Ellis and Josh looked on pitifully, touched by the raw emotions of the scene as much as their sense of inadequacy, powerlessness. They’d done everything they could, but still it hadn’t been enough – they’d got there too late. Abaddon had won in the end: another for the bottomless pit.
‘Jessica!’ But amidst the flurry of the next few chest pumps and mouth-to-mouths, something in Jessica did finally stir.
A flicker in her eyes and sudden body-jolt followed by a cough. Then a succession of coughs and a deep retching gasp as she sucked in her first air.
She coughed and gulped, coughed and gulped, her eyes flickering as she fought to focus.
Ryan gently stroked her cheek, but for a moment all she could see was the swirling terrifying image of Abaddon before it finally faded and she saw Ryan clearly.
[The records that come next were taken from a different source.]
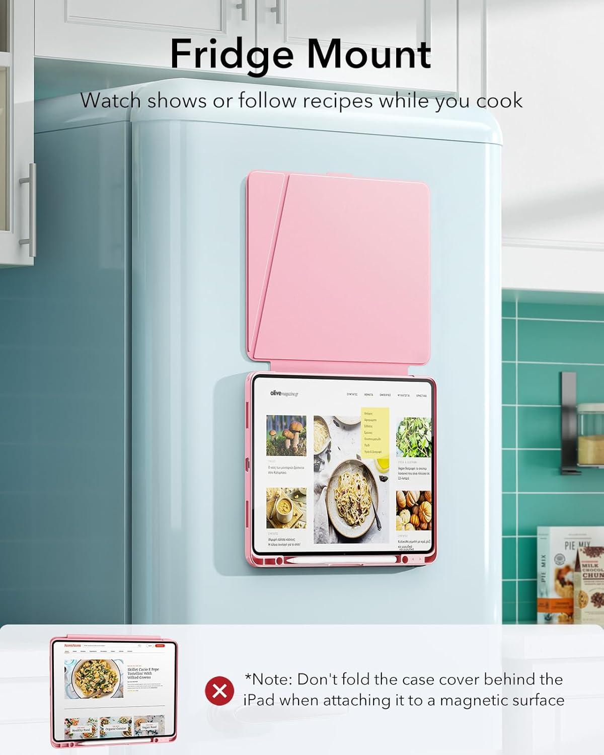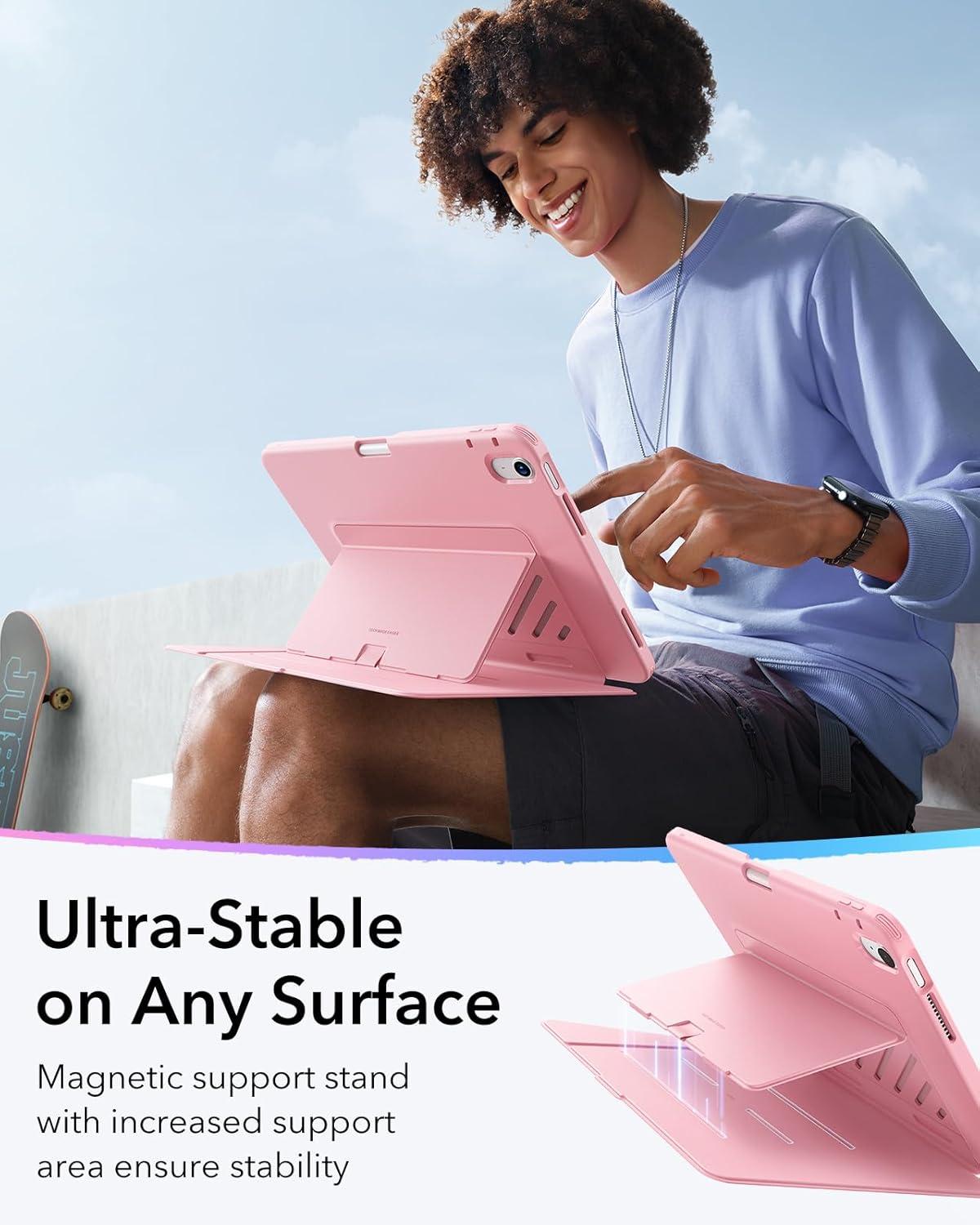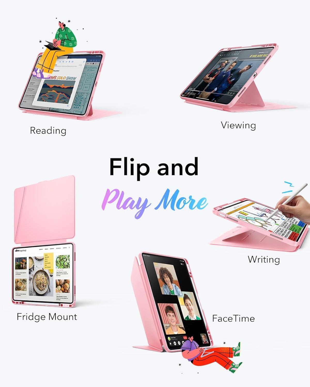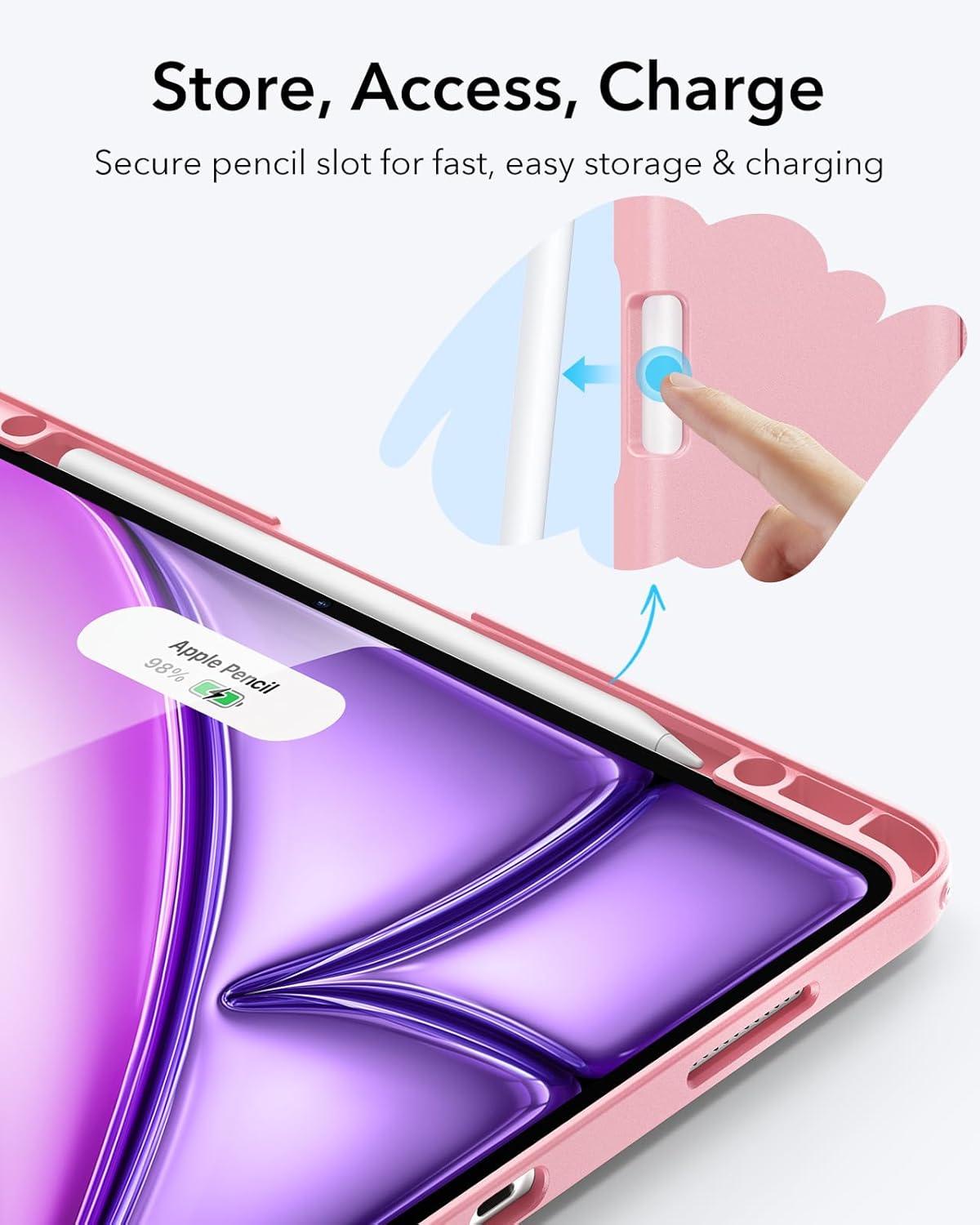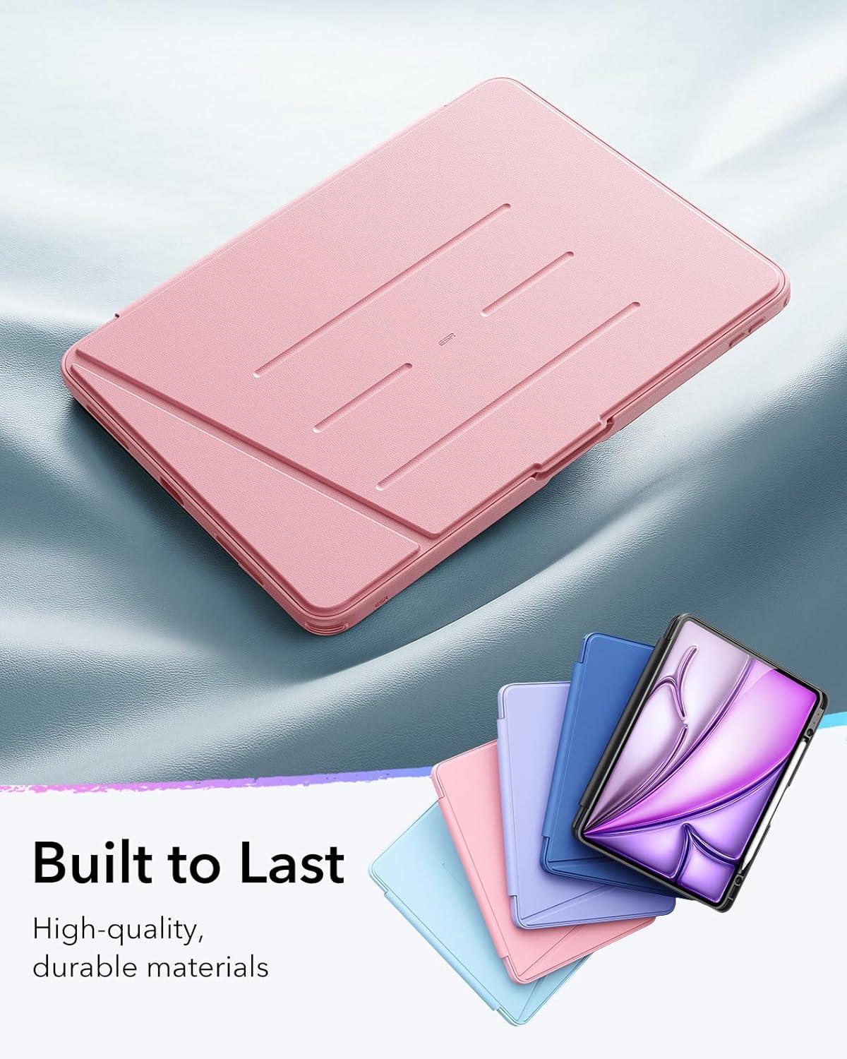 ESR for iPad Air 13 Inch Case M3/M2 (2025/2024), Vertical Stand Cover, Multi Stand Angles, Ultra-Stable Case with Pencil Holder, Flip Series, Black(Pink)
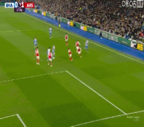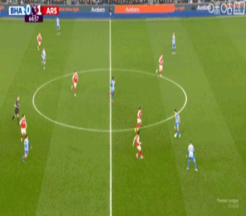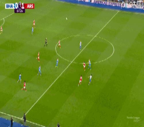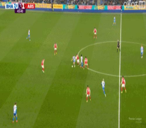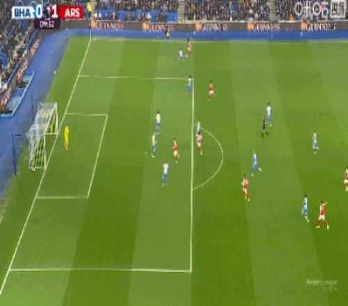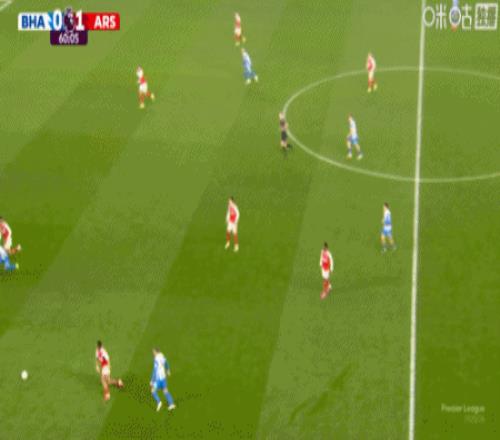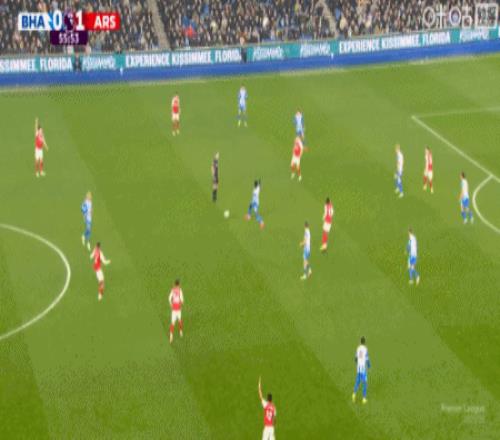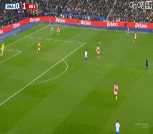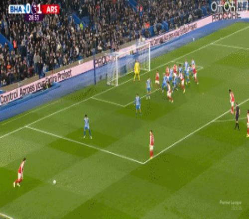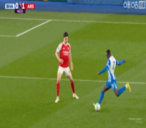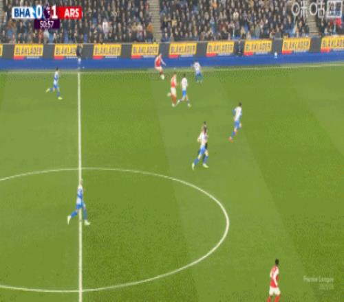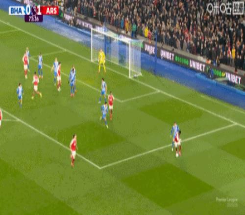 第9分鐘,薩卡右路內切擊中巴萊巴稍稍變線破門,阿森納1-0布萊頓
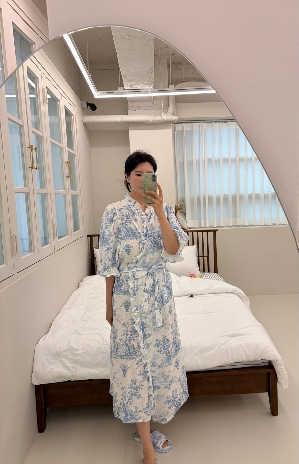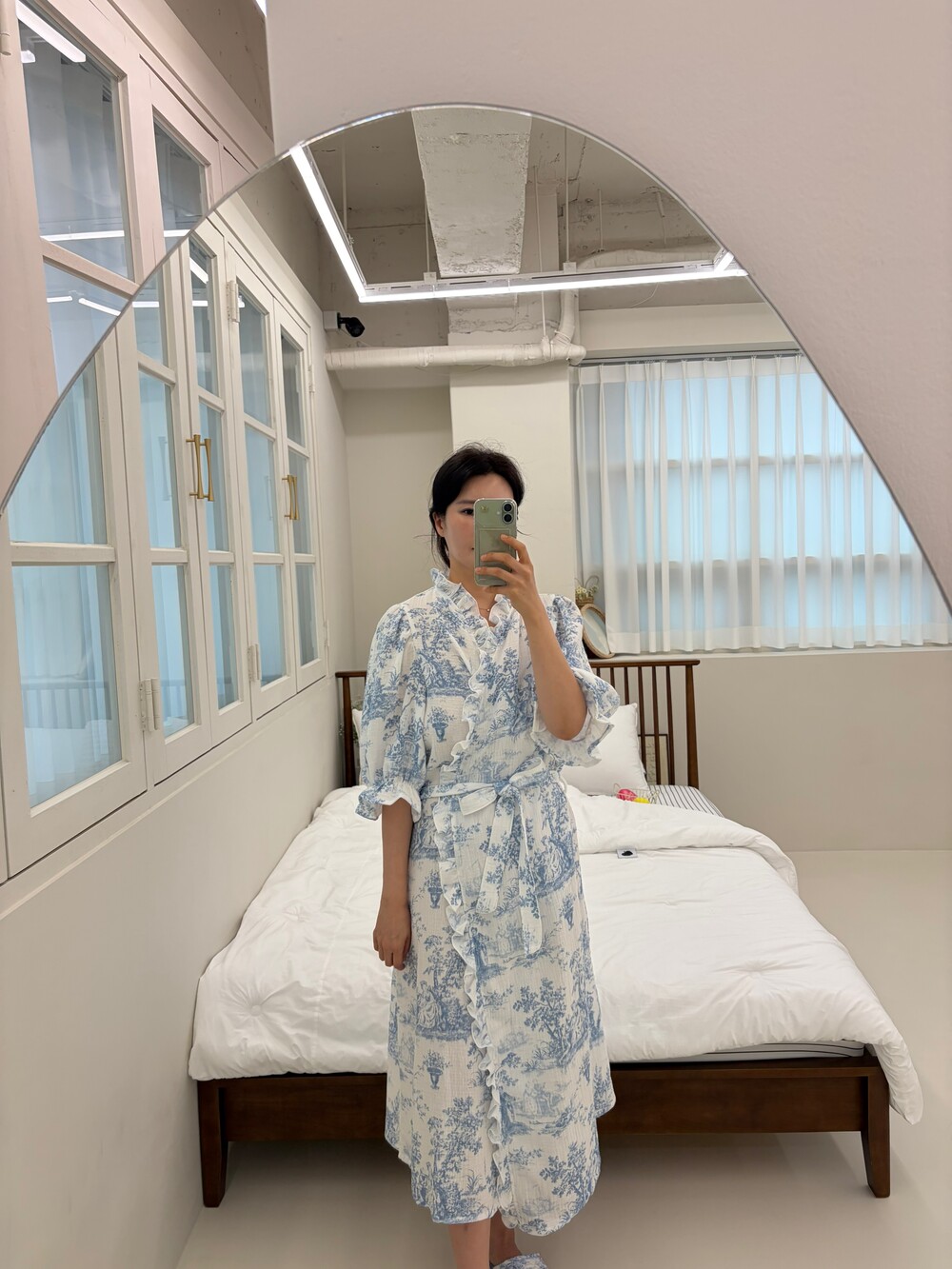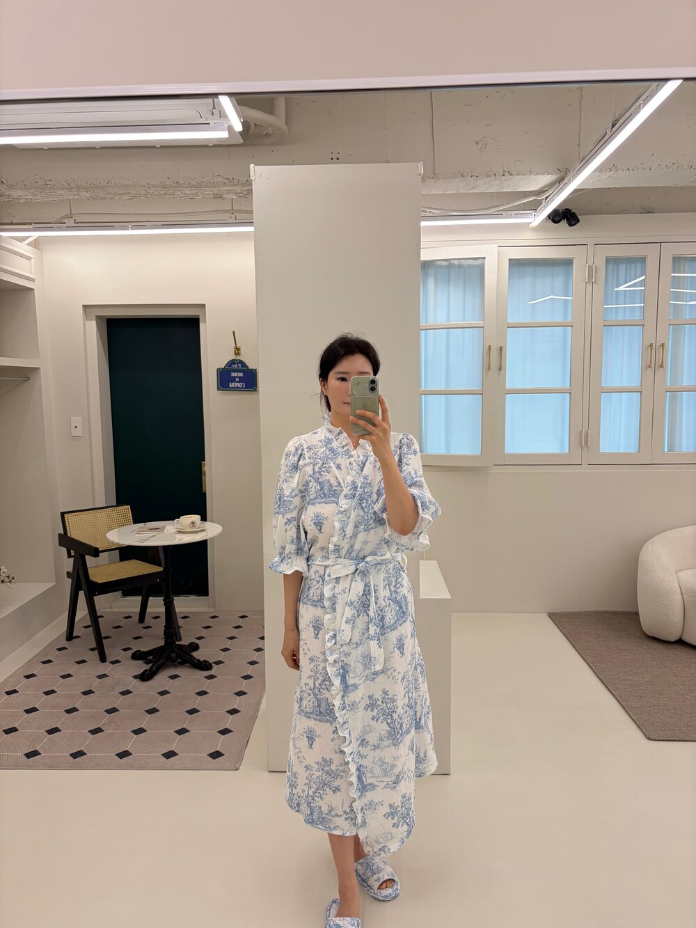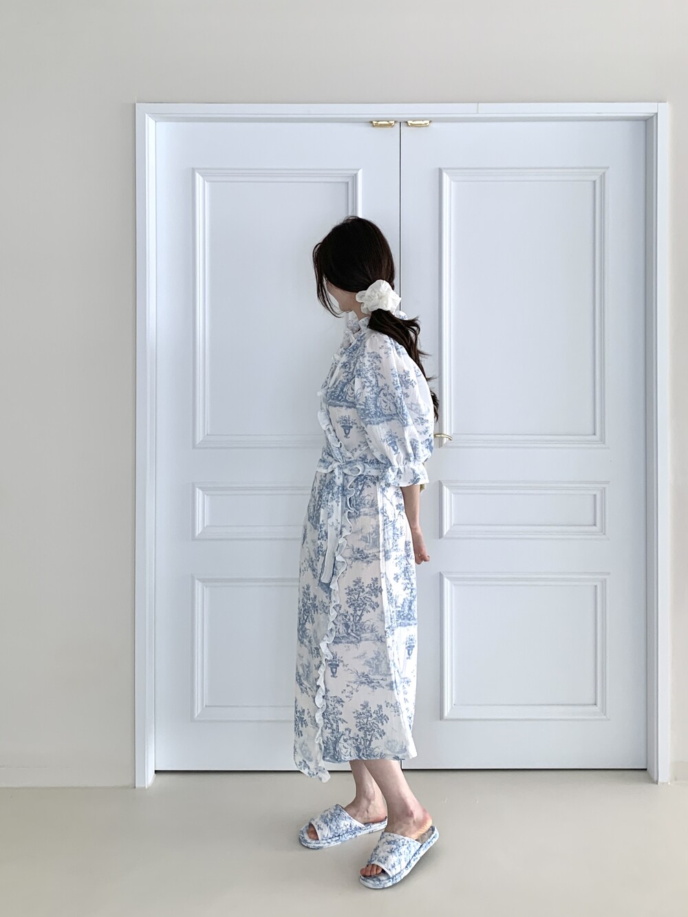 프렌치 감성의 프릴을 네크라인부터 로브 하단까지 더해 사랑스러운 분위기를 연출했습니다.

She blinked and smiled uncertainly at him, and as he pulled her into a shuddering embrace, her own aftershock and wave of relief hit.
She hugged him back as the tears started to stream, whispering softly:
‘No more secrets... no more secrets.’
As Jessica was taken away by medics in an ambulance with Ryan riding along with her, Ellis surveyed the scene.
The helicopter had headed away a moment ago, but more squad cars were arriving and the first of the forensic units.
More still would arrive over the following hours and he knew would be probably camped out on Lyle’s farm for days as they dug up and examined the other bodies.
Ellis looked bleakly towards the other seven cherry trees.
At times the battle made him feel weary, because he knew it was one they could never win; they could only stem the tide. The timeless battle of good against evil, yet the odds were stacked against them because only a small group could see that evil for what it was, what lay behind it.
Josh Eskovitz came alongside him and, as if reading his thoughts, commented, ‘We did our best.’
‘Yeah,’ he agreed; a weary monotone. He pulled his eyes from the cherry trees and started back towards his car, appearing a curiously isolated figure despite the crowd of police and forensics milling around. ‘We always do.’